The Joys of Absurdity

So, why do I find Lear's poem so enchanting? It is because it celebrates the joys of absurdity. To read this poem is to enter into a world that is completely different from our own, a world where noses can touch the ground and cities can be overrun with insects. And yet, this world is not one of chaos and confusion. It is a world where the old person can dance a jig and be completely happy, despite his (or her?) many peculiarities.

In many ways, Lear's poem is a celebration of the human spirit. It is a reminder that we are capable of finding joy and happiness in the strangest of places, and that sometimes, it is the very things that make us different that make us special. And isn't that what literature is all about? To remind us of the beauty and wonder of the world, even in the darkest of times.


In conclusion, Edward Lear's poem "There Was An Old Person Of Nice" is a masterpiece of absurdity. It celebrates the joys of the nonsensical, and reminds us that sometimes, it is the very things that make us different that make us special. Through its portrayal of the old person and the city of Nice, Lear invites us into a world that is completely different from our own, and yet, one that is full of wonder and beauty. It is a poem that has endured for generations, and will continue to do so, as long as there are readers who appreciate the joys of the absurd.

Editor 2 Analysis and Explanation

There Was An Old Person Of Nice: A Delightful Poem by Edward Lear

If you are a fan of poetry, you must have come across the name Edward Lear. He is one of the most celebrated poets of the Victorian era, known for his nonsensical and humorous poems. One of his most famous works is "There Was An Old Person Of Nice," a delightful poem that has captured the hearts of readers for generations.

The poem tells the story of an old person from the city of Nice, a picturesque coastal town in the south of France. The old person is described as having a "long nose and a beard," and is said to be "so singularly nice, that he licked the pans, and he took no advice." The poem goes on to describe the various eccentricities of the old person, including his habit of eating "a plentiful dinner on mince" and his love for "a large button-hook made of steel."

At first glance, the poem may seem like a simple and silly piece of writing, but upon closer inspection, it reveals a deeper meaning. The poem is a commentary on the human condition, and the ways in which we all have our own quirks and idiosyncrasies that make us unique.

The old person in the poem is a perfect example of this. He is described as being "singularly nice," which suggests that he is different from the norm. He is not content to follow the advice of others, but instead chooses to do things his own way. This is a trait that many of us can relate to, as we all have our own ideas and opinions that we hold dear.

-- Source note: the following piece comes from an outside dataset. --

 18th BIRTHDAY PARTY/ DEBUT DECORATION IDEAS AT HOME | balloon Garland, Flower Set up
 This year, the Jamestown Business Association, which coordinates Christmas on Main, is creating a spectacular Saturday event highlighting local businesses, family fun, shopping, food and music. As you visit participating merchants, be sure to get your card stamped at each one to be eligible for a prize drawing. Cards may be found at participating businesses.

The poem also touches on the theme of individuality. The old person is not afraid to be different, and he embraces his quirks and eccentricities. This is a message that is particularly relevant in today's society, where conformity is often valued over individuality. Lear's poem reminds us that it is okay to be different, and that our uniqueness is what makes us special.

Another interesting aspect of the poem is the use of language. Lear's writing style is characterized by his use of nonsense words and made-up phrases, which adds to the whimsical and playful tone of the poem. For example, the old person is said to have a "spoon made of tin," which is a nonsensical image that adds to the humor of the poem.

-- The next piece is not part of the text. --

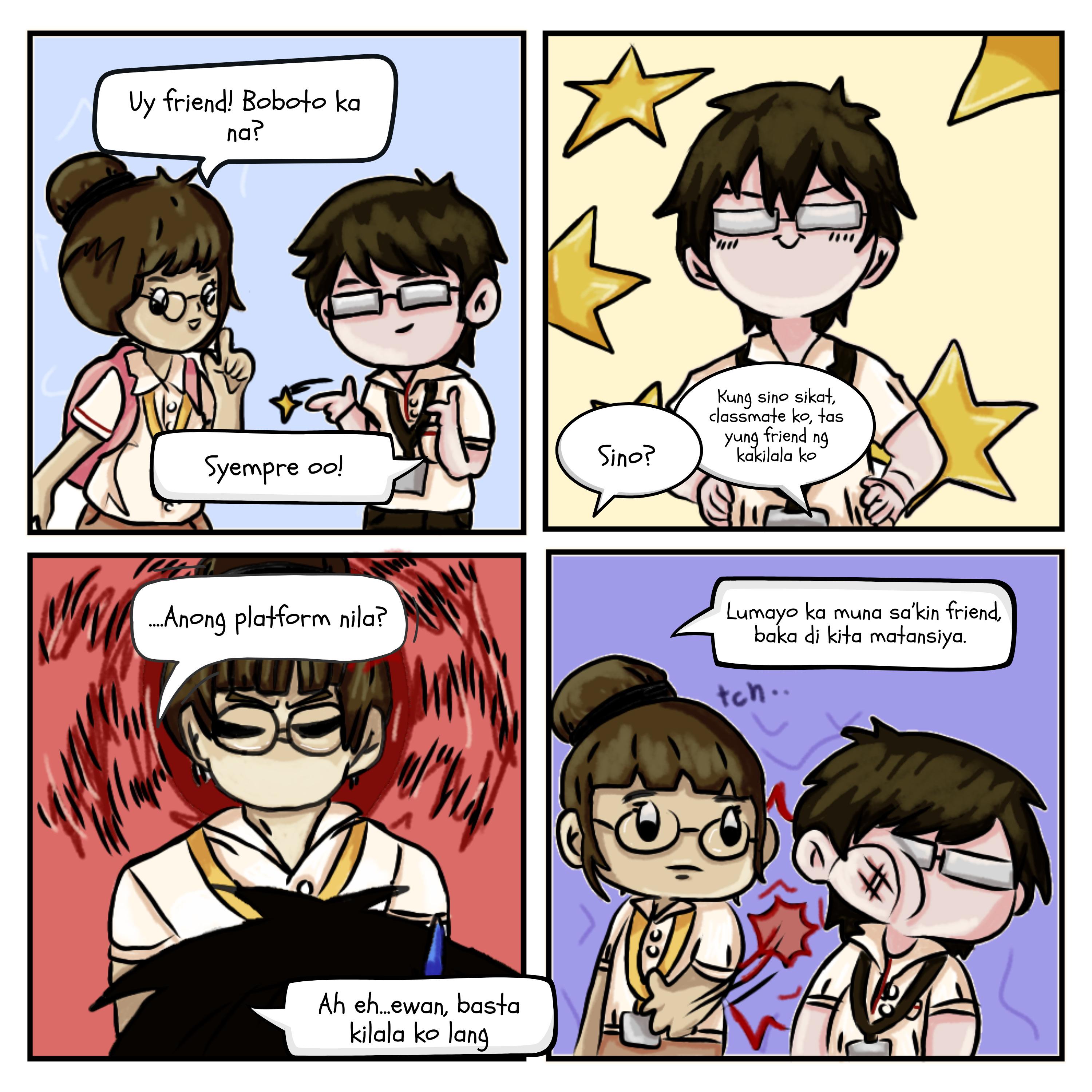Switching from one social media platform to another, one post stood out among the sea of posts asking for academic guidance and grade curves. It was a rant about the projects of a partylist for the upcoming election. The party was implicitly identified, but Emilio couldn’t care less about it. However, he was perplexed that someone had given a second glance at the post amidst their busy schedule, let alone put effort into analyzing the pros and cons of each member’s project in a specific party. Perhaps they were from the opposing side? Emilio was tired but felt curious. With nothing better to do than to go back to studying, he decided to dig deeper into the topic. After all, who doesn’t love drama? There’s nothing more fun than criticizing a critique, and his practice exercises could wait ‘til tomorrow.

The poem also features a rhyme scheme, with each stanza following an ABAB pattern. This adds to the musicality of the poem, and makes it easy to read and remember. The use of rhyme is a common feature of Lear's poetry, and is one of the reasons why his work has remained popular for so long.

In conclusion, "There Was An Old Person Of Nice" is a delightful poem that is both humorous and thought-provoking. It reminds us of the importance of individuality, and encourages us to embrace our quirks and eccentricities. Lear's use of language and rhyme adds to the playful tone of the poem, making it a joy to read. If you haven't already, I highly recommend giving this classic poem a read.